• Data extract
● ● ● ● ●
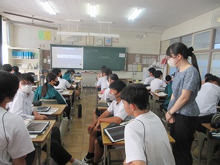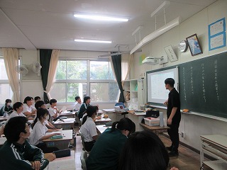 9月の終わり頃から3年5組に教育実習生が来ています。その実習も明日で終了です。
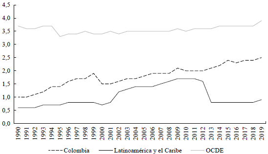 De hecho, la Figura 4 brinda elementos para explicar parte de los resultados aquí presentados. En dicha figura se evidencia que la recaudación de los gobiernos locales en Colombia ha crecido de manera sostenida desde 1990, que ha cerrado la brecha con los países de la OCDE y la ha aumentado con respecto a América Latina y el Caribe. Esto se podría deber, en buena parte, al avance del proceso de descentralización en Colombia entre finales de los años ochenta y los noventa del pasado siglo en sus ámbitos político, fiscal y administrativo (en lo normativo se sugiere consultar Congreso de Colombia, 30 de diciembre de 1986, 12 de agosto de 1993, 8 de febrero de 1994; Constitución Política de Colombia, 1991). En síntesis, la Figura 4 muestra que la recaudación de los municipios colombianos en su conjunto creció en un 150 % entre 1990 y 2019.
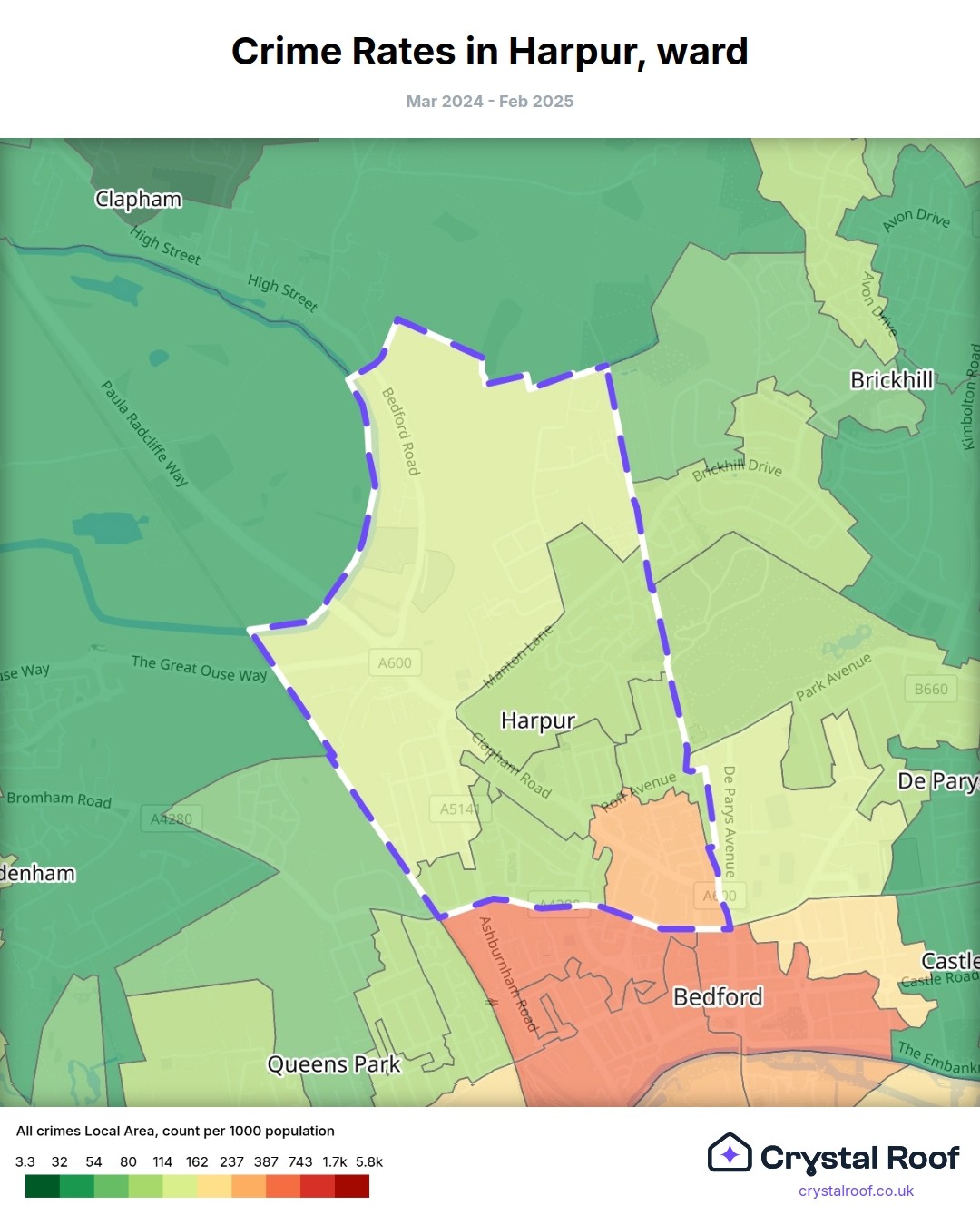 Harpur (ward) is located within Bedford (borough). Annual total crime rate in Bedford (borough) is 96.2 crimes per thousand resident population, which can be rated as 4 out of 10 or low crime level compared to other local authority districts in England and Wales.
● ● ● ● ●
• Requirement
Everything in the listing above except the pictures should be duplicated exactly.

• Exercise answer
 9月の終わり頃から3年5組に教育実習生が来ています。その実習も明日で終了です。
 De hecho, la Figura 4 brinda elementos para explicar parte de los resultados aquí presentados. En dicha figura se evidencia que la recaudación de los gobiernos locales en Colombia ha crecido de manera sostenida desde 1990, que ha cerrado la brecha con los países de la OCDE y la ha aumentado con respecto a América Latina y el Caribe. Esto se podría deber, en buena parte, al avance del proceso de descentralización en Colombia entre finales de los años ochenta y los noventa del pasado siglo en sus ámbitos político, fiscal y administrativo (en lo normativo se sugiere consultar Congreso de Colombia, 30 de diciembre de 1986, 12 de agosto de 1993, 8 de febrero de 1994; Constitución Política de Colombia, 1991). En síntesis, la Figura 4 muestra que la recaudación de los municipios colombianos en su conjunto creció en un 150 % entre 1990 y 2019.
 Harpur (ward) is located within Bedford (borough). Annual total crime rate in Bedford (borough) is 96.2 crimes per thousand resident population, which can be rated as 4 out of 10 or low crime level compared to other local authority districts in England and Wales.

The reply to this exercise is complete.